A U.S. Supreme Court case brought by a group of commercial fishermen could exacerbate government power struggles. For decades, the legal test known as “Chevron deference” has been used to evaluate executive government agencies’ authority, often allowing government bureaucrats to carry out many forms of regulation.
Now, this legal doctrine is being challenged in the case of Loper Bright Enterprises v. Raimondo, which could place administrative agencies under much more judicial scrutiny and shift regulatory authority back to Congress amid a time of heightened polarization. Jordan Cash, an assistant professor of political theory and constitutional democracy in Michigan State University’s James Madison College, answers questions on an overview of this case and what an overturning could mean.
What are the facts of this case?
This case comes out of the Magnuson-Stevens Fishery Conservation and Management Act of 1976, which governs the regulation of commercial fishing. Under that law, commercial fishing companies must allow federal agents — often called monitors or observers — to join them on their fishing boats to enforce certain regulations and prevent overfishing. In 2020, however, the National Marine Fisheries Service, or NMFS, implemented a new interpretation of the statute to institute a rule by which the companies would not only have to allow these monitors onboard, but they would also have to partially subsidize the monitors’ salaries, at an estimated cost of roughly $700 a day. In response to this rule hange, Loper Bright Enterprises — a group of commercial fishing companies from New England — challenged the rule, arguing that the statute does not authorize the new rule and that the NMFS’s interpretation of the statute is far too broad.
What is “Chevron deference”?
Chevron deference was defined in the 1984 caseChevron U.S.A., Inc. v. Natural Resources Defense Council, Inc.and states that in cases that involve a government agency’s interpretation of a congressional statute, courts should employ a two-prong test to determine whether or not to uphold the statute.
The first prong asks if the law passed by Congress has “directly spoken to the precise question at issue,” and if not, then the second prong asks, “whether the agency’s answer is based on a permissible construction of the statute.” In practice, this doctrine has led to the courts giving administrative agencies considerable leeway in how they write and apply their own regulations. One recent study showed when Chevron deference is applied, administrative agencies won their cases 77% of the time.
How has court sentiment shifted on administrative authority?
In recent years, the U.S. Supreme Court has shown a willingness to push back on administrative actions. For instance, in the 2022 case West Virginia v. Environmental Protection Agency, the court held that the EPA went beyond the statutory authority granted to it in the Clean Air Act to devise certain kinds of emissions caps. If these trends are any indication, there is a high likelihood that the court will overturn Chevron deference when it rules onLoper Bright. If it does, it will mark a major shift in how the courts treat administrative rulings and could put the onus back on Congress to be more specific and targeted in how it writes regulatory legislation.
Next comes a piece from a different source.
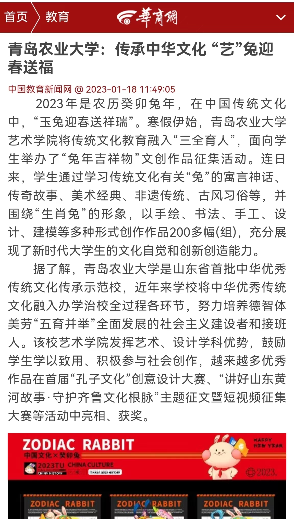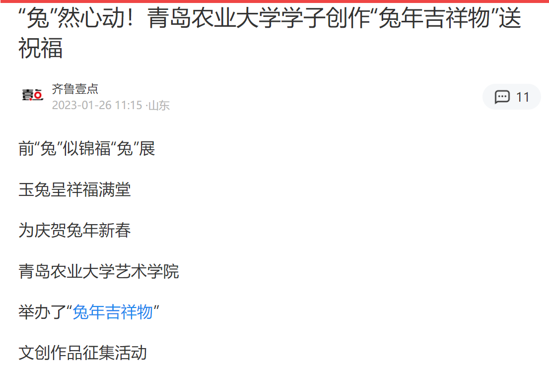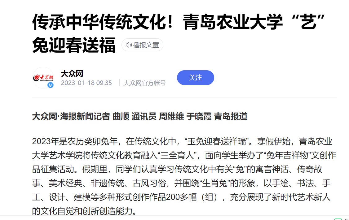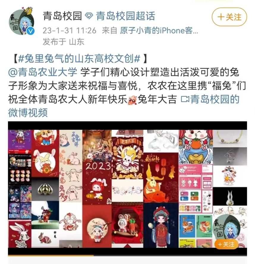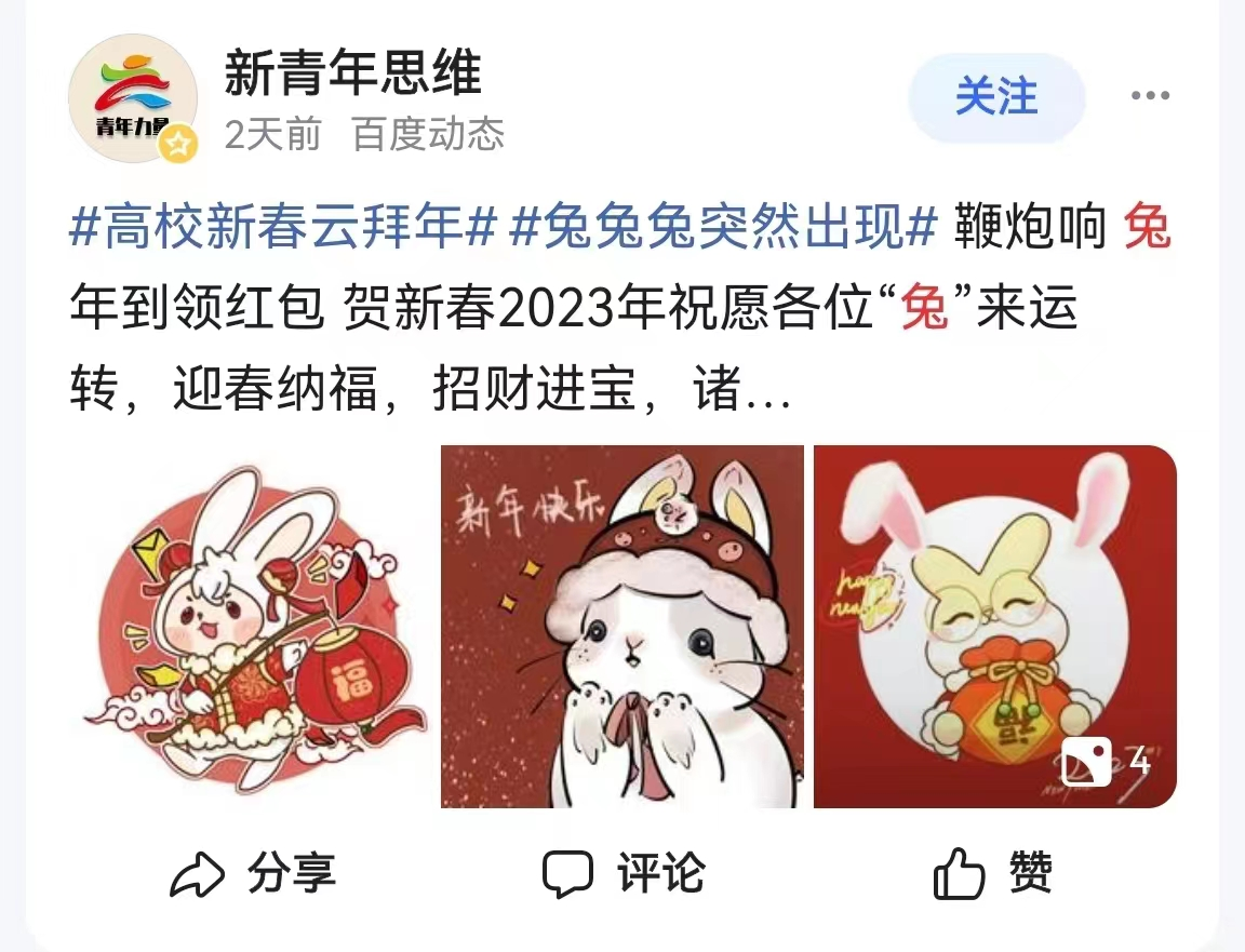 前“兔”似锦,玉兔迎春。寒假期间,韦德bevictor发挥专业优势,将传统文化教育融入“三全育人”,面向员工举办“兔年吉祥物”文创作品征集活动。同学们以多种多样的艺术形式展开创作,用精心创作的200多只可爱灵动的“小兔子”,在春节前夕送上新春祝福。在公司宣传部门大力支持下,多幅作品受到“中国教育新闻网”“大众网”、“山东教育新闻网”“齐鲁晚报网”、“齐鲁壹点”等媒体转发,并被学习强国等平台转载。相关内容在公司官方微博发布后,被中国老员工在线、山东校园新鲜事、青岛校园等多个教育类微博多次转发,将青岛农大艺术学子的新春祝福送到千家万户。

What could a ruling in favor of Loper Bright mean for the future?
At the most fundamental level, the end of Chevron deference would be a major change in administrative law as agencies would be more restricted in the kinds of regulations they promulgate and would have to tie their regulations much more closely to the explicit text of congressional legislation. More broadly, it could serve as a constitutional wakeup call to the other branches, disrupting the way Congress has interacted with executive agencies for decades. Specifically, members of Congress would have to be much more detailed in how they write legislation and clearer when directing how they expect administrative agencies to carry out their statutes.
While there will always be some discretion in how administrative agencies interpret legislation to write the resulting regulations, that discretion will be more limited if Chevron deference is overturned, and Congress will no longer be able to write overly broad laws and expect the administrative agencies to fill the gap, which has been Congress’s tendency since the 1930s. In a way, the issue gets to a basic tension of modern democratic self-government: the relationship between the political responsibility of our elected representatives — who may not be experts in the subjects they are meant to legislate on — and the administrative bureaucrats who are not elected or directly accountable to voters, but who in many cases are experts in the field they are regulating. How we balance these different attributes to ensure our government is both representative of the people and still effective may become a renewed question depending on how this case turns out.